■ Supplied information
# # #
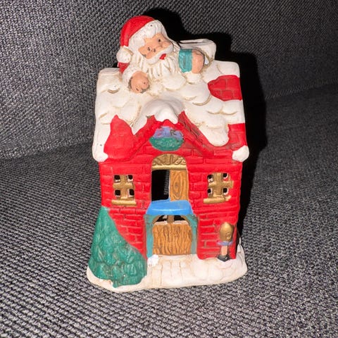 Sødt lille hus i keramik hvor taget kan løftes af og så er der et lys inden i. Huset måler ca. 7 cm med tag på.
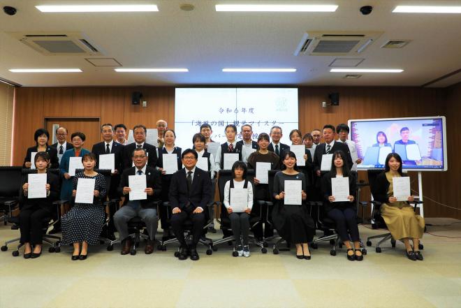 「海風の国」観光マイスターシルバー認定証授与式後に認定者の皆さんと記念撮影する市長
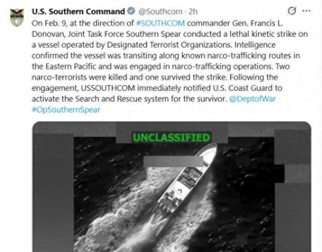 中新网2月10日电 据《纽约时报》报道,美军南方司令部当地时间9日称,在太平洋东部对一艘"贩毒 船"实施"致命打击",打死船上2人,有1名幸存者。 美军南方司令部还称,有情报显示,这艘船正"沿东太平洋已知的毒品走私路线航行,并从事毒品走私 活动"。此次行动打死船上2名"毒品恐怖分子",有1名幸存者。 图片来 源:美军南方司令部社交媒体截图 据报道,美军南方司令部在社交媒体上称,美军"南方之矛"联合特遣部队对一艘由"被认定的恐怖组 织"运营的船只实施"致命打击"。 报道称,美军南方司令部在帖文中附有一段大约11秒的视频,其中显示美军对一艘在海上行驶的船只进 行打击,船只发生巨大爆炸。 据此前报道,自2025年9月初以来,美军在加勒比海和东太平洋对美方指称的所谓"贩毒船"进行多次打 击,并于11月宣布发起"南方之矛"军事行动。然而,美国政府并未公布任何可以证明其攻击目标涉毒的 证据。 ...
# # #
■ Task requirements
Leaving the pictures out, output all of the listing exactly.

■ The answer
 Sødt lille hus i keramik hvor taget kan løftes af og så er der et lys inden i. Huset måler ca. 7 cm med tag på.
 「海風の国」観光マイスターシルバー認定証授与式後に認定者の皆さんと記念撮影する市長
 中新网2月10日电 据《纽约时报》报道,美军南方司令部当地时间9日称,在太平洋东部对一艘"贩毒 船"实施"致命打击",打死船上2人,有1名幸存者。 美军南方司令部还称,有情报显示,这艘船正"沿东太平洋已知的毒品走私路线航行,并从事毒品走私 活动"。此次行动打死船上2名"毒品恐怖分子",有1名幸存者。 图片来 源:美军南方司令部社交媒体截图 据报道,美军南方司令部在社交媒体上称,美军"南方之矛"联合特遣部队对一艘由"被认定的恐怖组 织"运营的船只实施"致命打击"。 报道称,美军南方司令部在帖文中附有一段大约11秒的视频,其中显示美军对一艘在海上行驶的船只进 行打击,船只发生巨大爆炸。 据此前报道,自2025年9月初以来,美军在加勒比海和东太平洋对美方指称的所谓"贩毒船"进行多次打 击,并于11月宣布发起"南方之矛"军事行动。然而,美国政府并未公布任何可以证明其攻击目标涉毒的 证据。 ...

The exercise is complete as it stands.